Blue Doon has been built by the Nevis Range trail team over the last couple of years, with spanners thrown into and removed from the works at various points by 2020’s most popular virus.
Mention Nevis Range to anyone and they’ll likely think of the UCI Downhill World Cup, currently the second longest-running World Cup venue in the world. Mont Saint Anne’s top by the way. Every year since 2002 (bar the last two), thousands have travelled to Nevis Range, just north of Fort William, to watch riders do battle on Aonach Mòr’s lower slopes.
We’ve always thought the iconic venue was missing a trick, though. Ride the brilliant gondola uplift to the top and there are only two ways back down (well, three if you count a dull fire road) – the DH track or Top Chief, now graded black. Less-experienced riders were effectively barred from most of the altitude on offer.
Nevis Range obviously agreed, because recently it opened Blue Doon, a new blue-graded downhill trail, accessed by gondola and built properly into the hill without resorting to boardwalk. It’s the longest descending blue trail in the UK, and will likely hold that title for a while to come. It’s also one of the best mountain bike blue trails, full stop.
At approximately eight kilometres long and dropping a similar height to the World Cup downhill, it’s far longer than the numbers might suggest. Starting just below the Snowgoose Cafe, there are options below the Puggy Line to continue along the blue-graded trails or spice things up with the myriad of other options to get you back to the car park for another lap.

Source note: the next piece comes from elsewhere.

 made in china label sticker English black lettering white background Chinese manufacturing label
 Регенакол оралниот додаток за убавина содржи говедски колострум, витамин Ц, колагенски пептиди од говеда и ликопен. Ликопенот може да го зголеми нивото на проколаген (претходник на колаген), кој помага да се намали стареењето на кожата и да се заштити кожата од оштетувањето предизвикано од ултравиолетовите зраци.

A single, non-stop run being chased by local turn-hoofer extraordinaire and the man who lends his name to the aforementioned black run, Joe Barnes, took around 19 minutes. I have no doubt that without me slowing him down, the Hazzard Racing main man could have clipped a few minutes off that time. Either way, you’re in for a trail that feels never-ending, and for the most part, that is a good thing.
Cut to the chase
The opening day saw local dignitaries ascend the gondola into the mist for the curtain-raiser, and local rider Skylar McLeod, winner of the video competition, was the first to turn a wheel on the Blue Doon after the ribbon-cutting ceremony.

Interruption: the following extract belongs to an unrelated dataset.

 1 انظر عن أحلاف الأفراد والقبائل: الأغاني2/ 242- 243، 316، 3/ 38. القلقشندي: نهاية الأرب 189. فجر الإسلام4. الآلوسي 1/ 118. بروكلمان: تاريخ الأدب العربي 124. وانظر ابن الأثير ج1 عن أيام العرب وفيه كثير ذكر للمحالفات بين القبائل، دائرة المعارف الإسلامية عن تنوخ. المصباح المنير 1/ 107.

Despite the low-hanging cloud telling us otherwise, a distinct lack of liquid sunshine over the preceding week left the track in a typical Nevis Range style; fast and loose. Anyone who’s raced on the World Cup track knows that a touch of moisture helps settle the surface on this mountain and that’s no different on the Blue Doon.
Sweeping berms help you get up to pace quickly, before the corners tighten and open up into fast, traversing blasts across the open hill. Views across Fort William itself, and along Loch Eil, are a constant throughout the upper reaches of the trail, but you’re best paying full attention to the trail and enjoying the view from one of the conveniently- placed picnic benches scattered along the route.
Some flat turns help wake you up and keep you on your toes, with other corners sporting absolute peaches of berms that will hold you tight and spit you out faster than you went in, almost regardless of your entry speed.
With the grip levels coming and going, and some of the track still soft in spots, to get down this fast, you need to put the work in. Get ready to be on the gas out of the turns and work the changes in gradient to keep the speed up. More rain and riders will see the trail firm up, meaning it will run hotter as the track beds in.
A solid hardtail is likely the bare minimum to get down the Blue Doon and go back up for another. With many runs taking upwards of 20 minutes, you and your bike might not be as battered as you might be on the Top Chief or the World Cup track, but the high speed and quantity of trail means that you will be tired long before you’ve got the car park in your sights.
The Blue Doon is definitely a mountain blue – don’t think Berm Baby Berm as you head up the gondola. Few people will have descended this far in the UK in one hit without having to turn a pedal to get to the top, and that is the magic of the Blue Doon – you just have to be prepared for what is an entirely unique experience on these shores.